Schock in ecuador: beccacece nach wm-aus entlassen!
Ecuador bangt um die Zukunft im internationalen Fußball – und die Zukunft begann eben nicht mit Sebastián Beccacece. Nach dem blamablen Ausscheiden gegen Mexiko beim WM 2026 ist der Traum für den argentinischen Coach geplatzt. Ein Kapitel, das mit großen Erwartungen begann, endete jäh und bitter.

Die erste halbzeit entschied das spiel
Im Estadio Azteca präsentierte sich die Tri von ihrer schlechtesten Seite. Julian Quiñones und Raúl Jiménez trafen innerhalb der ersten halben Stunde und schickten Ecuador bereits früh in den Abgrund. Die mexikanische Dominanz war unübersehbar, und die ecuadorianische Antwort blieb im zweiten Durchgang verhalten, trotz einer gesteigerten Ballbesitzquote.
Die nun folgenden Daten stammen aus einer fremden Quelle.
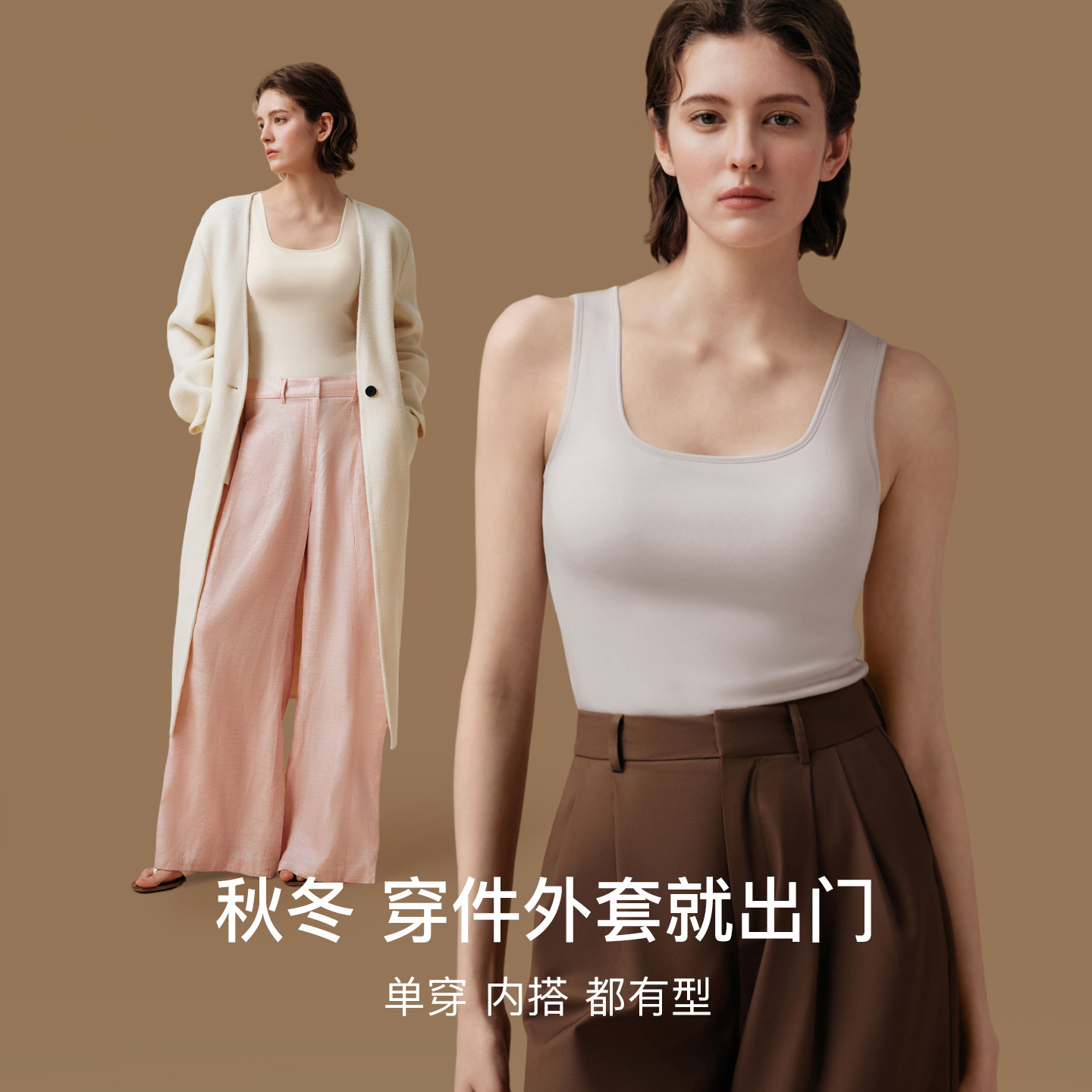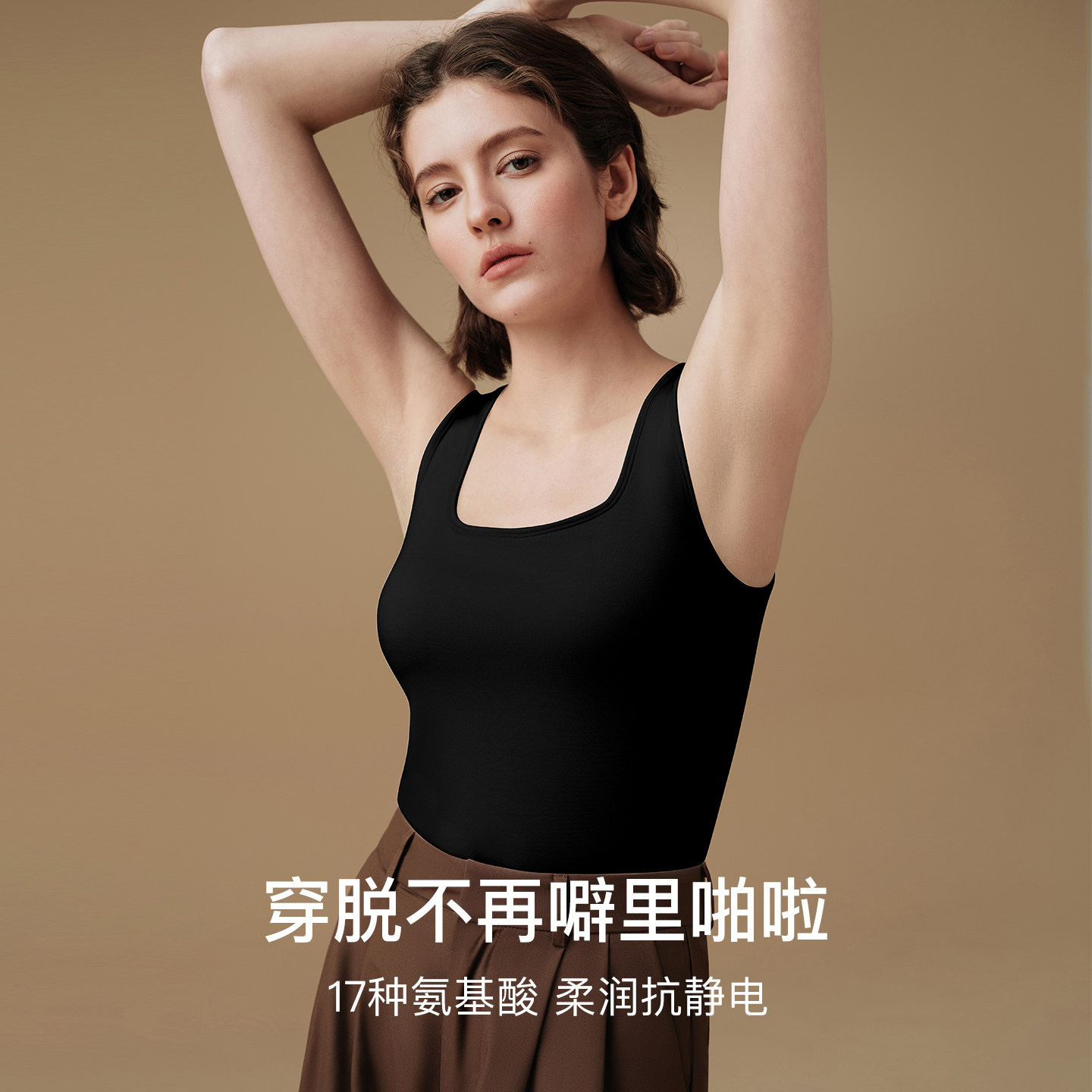 ubras保暖背心女款,采用含羊毛肌底面料,柔软亲肤,保暖性佳,适合秋冬季节贴身穿着。无痕设计贴合身形,外穿内搭皆宜,搭配外衣不显臃肿。加绒内里提升保暖效果,同时保持轻盈舒适,穿着无束缚感。精细剪裁搭配可调节肩带,满足不同体型需求,贴合胸型更自然。背心式剪裁简约大方,可搭配毛衣、外套或单穿,实用百搭。支持机洗,不易变形起球,打理便捷。无论是日常通勤、居家休闲还是户外活动,都能提供温暖舒适的穿着体验,是现代女性秋冬必备的贴心打底单品。
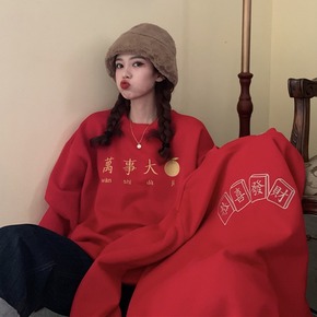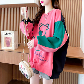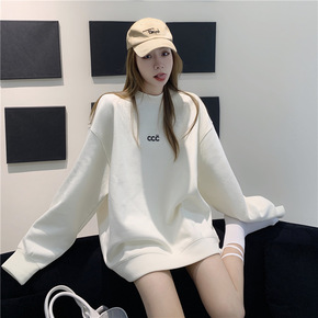 2020新款秋冬女装韩版宽松连帽加绒加厚套头天线宝...
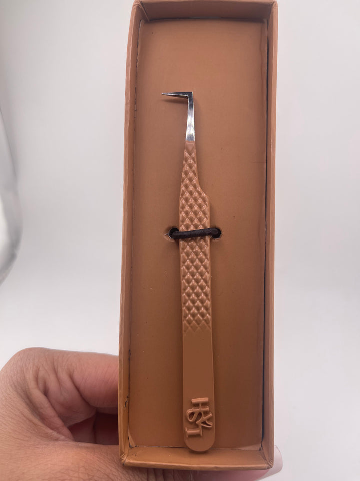 Our newest 90° precision tweezer — now in a dreamy nude chocolate finish! Perfect for volume & mega-volume lash artists who love clean fan pickup and perfect control.
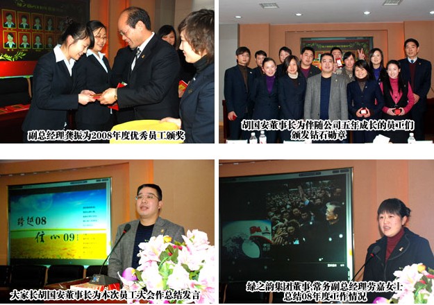 2009年1月20日下午3點(diǎn),綠之韻2008年員工總結(jié)表彰大會暨新春團(tuán)拜會在集團(tuán)公司總部隆重舉行。所有綠之韻同仁齊聚一堂,共同回顧不平凡的一年中走過的輝煌歷程,共同憧憬綠之韻集團(tuán)的美好未來。
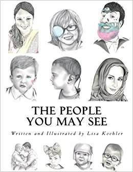 10 hand-drawn portraits of people with various visible differences and disabilities, including facial birthmarks and piercings, wearing bindis, hijabs, or hair wraps, with glasses, cranial orthotic s, cochlear implants, eye patches, and a two-father family.
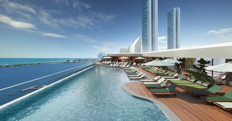Hotel dispõe de rooftop com piscina com borda infinita, além de spa, academia e salas de reuniões
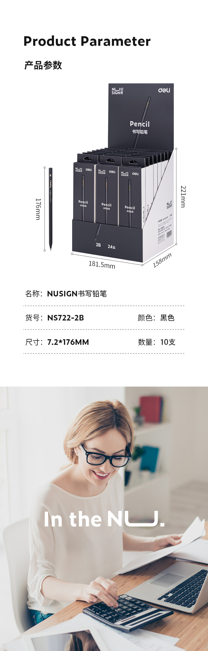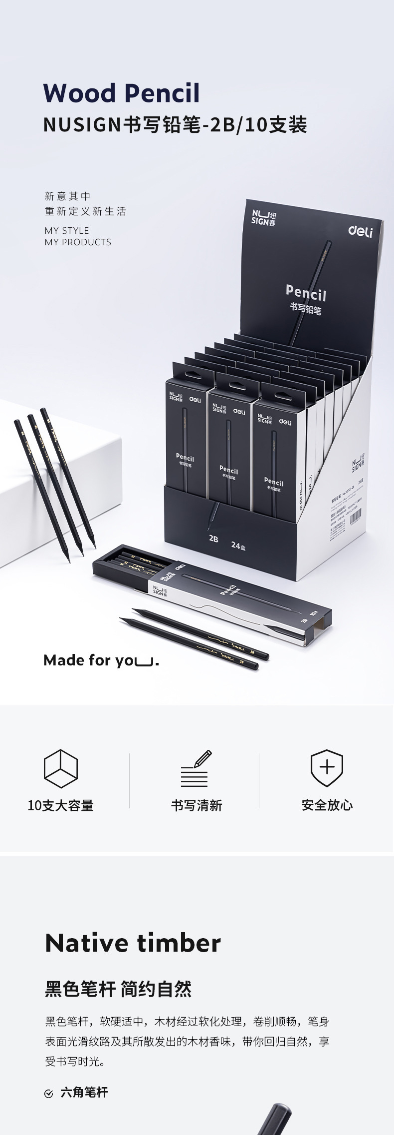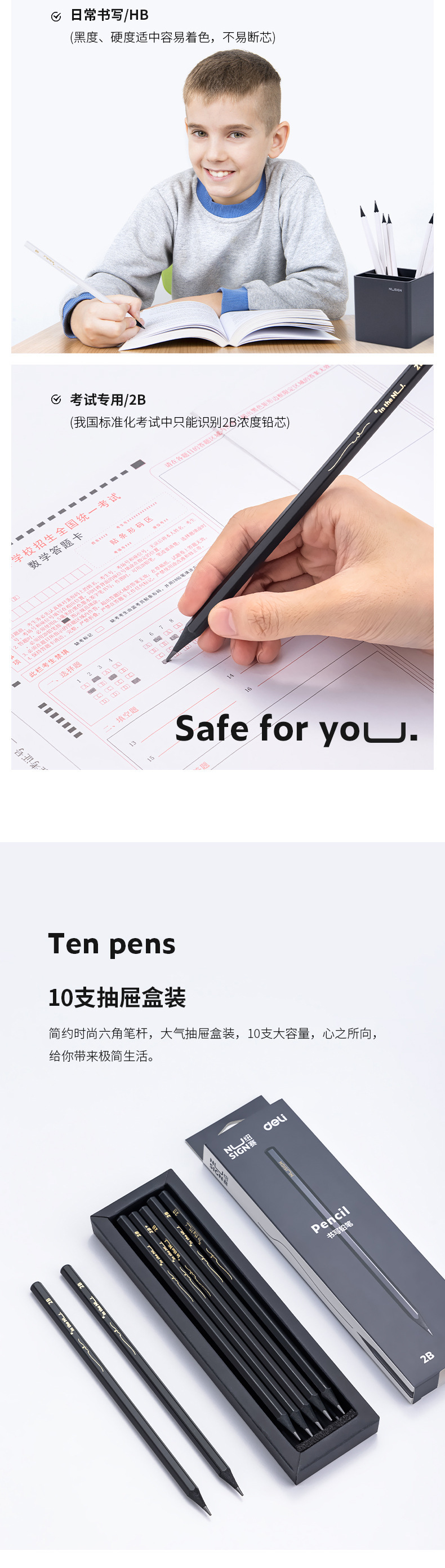 Delinius NS722 흑연 HB/2b 연필 초등학교 학생 육각형 장대 시험 예술 학생 스케치 10 상자스토어 가기
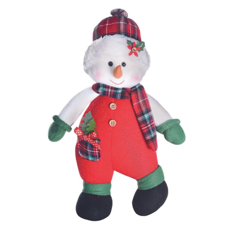 Bola de neve com gorro e cachecol xadrez nas cores vermelho, verde e branco para adicionar um toque natalino à decoração.
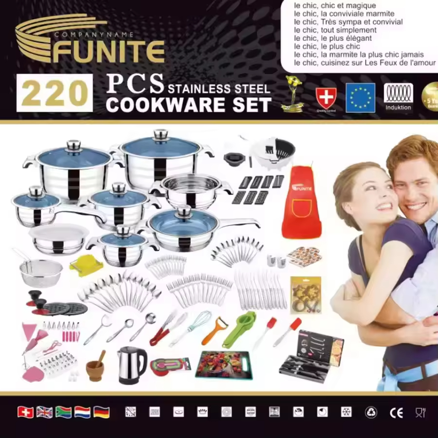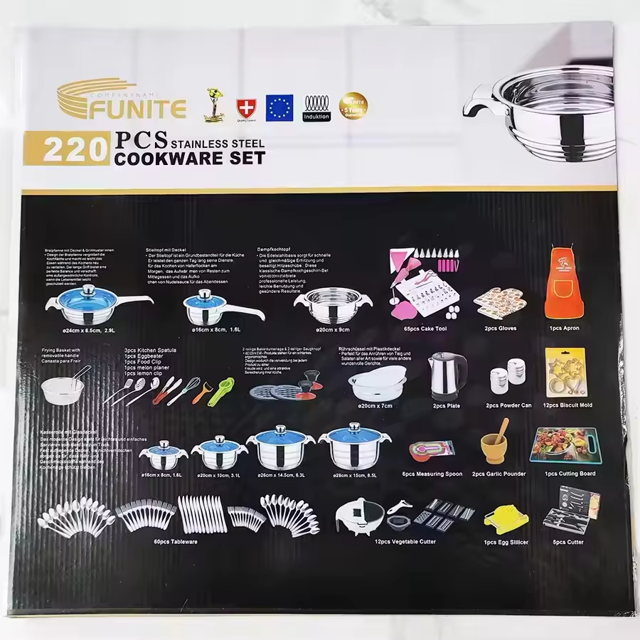 DETAILS: 220pcs stainless steel cookware set
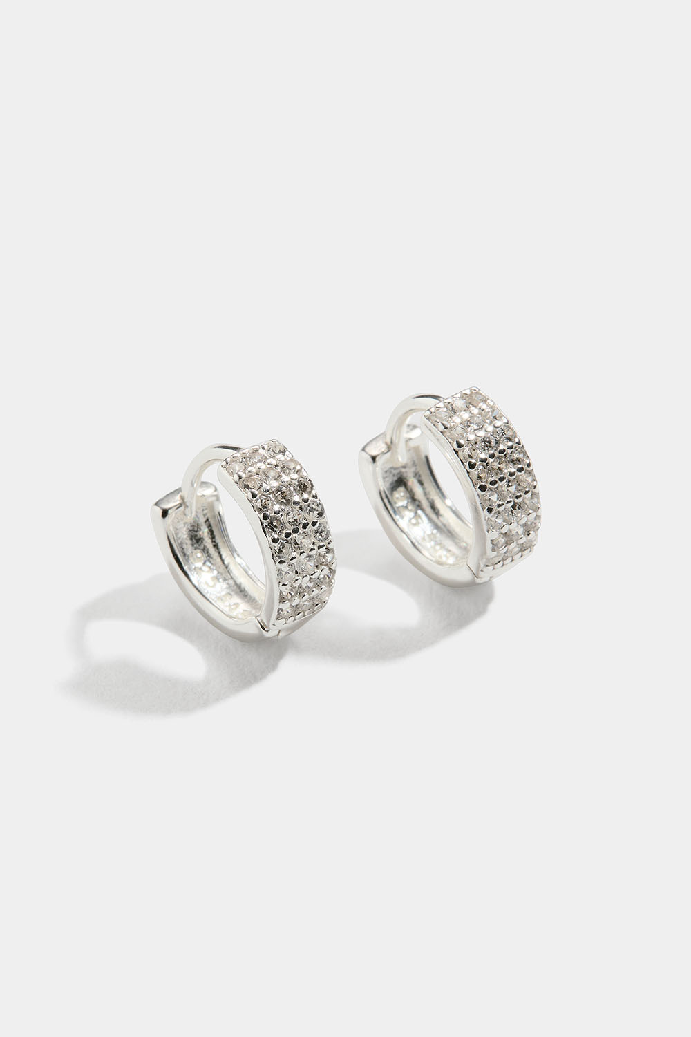 Minihoops i ekte sølv med små Cubic Zirconia-steiner langs forsiden i tre rader.
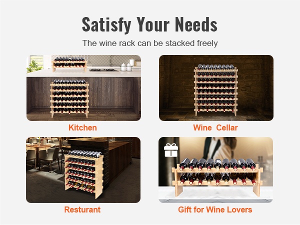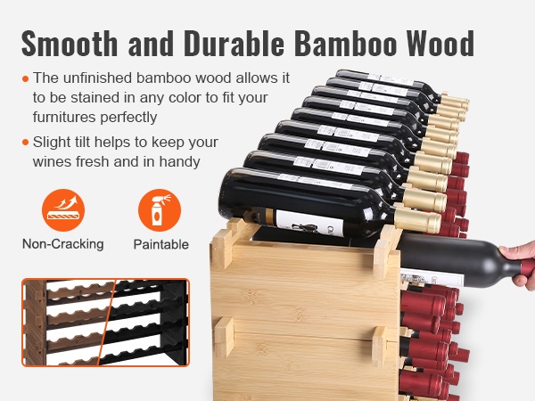 Luonnon bambusta valmistettu 6-tasoinen viiniteline on monikäyttöinen ratkaisu viinipullojen säilytykseen. Se sopii hyvin keittiöön, ruokailutilaan, viinikellariin tai baarin yhteyteen, ja kerroksia voi pinota tarpeen mukaan.

Beccacece schien sich sein Schicksal bereits absehbar. Seine Worte nach dem Spiel klangen wie ein Abschied: „Dankbar für dieses Abenteuer, diese Reise. Nur Dankbarkeit.“ Ein klares Signal an die Öffentlichkeit, dass seine Zeit an der Seitenlinie zu Ende geht. Er sprach von einem verpassten Ziel, betonte aber auch die Würde und den Stolz, den er trotz der Niederlage empfindet – eine elegante Kapitulation, die jedoch die unausweichliche Wahrheit nicht verschleiert.
Die Federación Ecuatoriana de Fútbol hatte den Ausstieg des Trainers offenbar schon länger vorgesehen. Berichte aus ecuadorianischen Medien deuten darauf hin, dass Beccaceces Vertrag direkt an den WM-Erfolg gekoppelt war. Das frühe Ausscheiden aktivierte somit automatisch die Ausstiegsclause.
Es gab Lichtblicke in Beccaceces Amtszeit. Er qualifizierte Ecuador für die WM und schuf eine beachtliche Siegesserie vor dem Turnier. Spieler wie Moisés Caicedo, Piero Hincapié und William Pacho entwickelten sich unter seiner Führung weiter. Doch das Turnier selbst offenbarte auch Schwächen, die in den Monaten zuvor übersehen wurden. Die Niederlage gegen den Elfenbeinküste, das Unentschieden gegen Curazao und schließlich das Ausscheiden gegen Mexiko wogen schwerer als der historische Sieg gegen Deutschland.
Die Entlassung Beccaceces ist ein Strich unter einer Ära voller Versprechen und letztlich unerfüllter Hoffnungen für den ecuadorianischen Fußball. Die Frage, wer die Tricolor in die nächste Runde führen kann, bleibt offen und wirft einen langen Schatten über die Zukunft des Landes im internationalen Sportgeschehen. Die Verantwortung liegt nun bei der Federación, einen Nachfolger zu finden, der die talentierte Generation wieder in die Spur bringt und das Land zu neuen Erfolgen führt.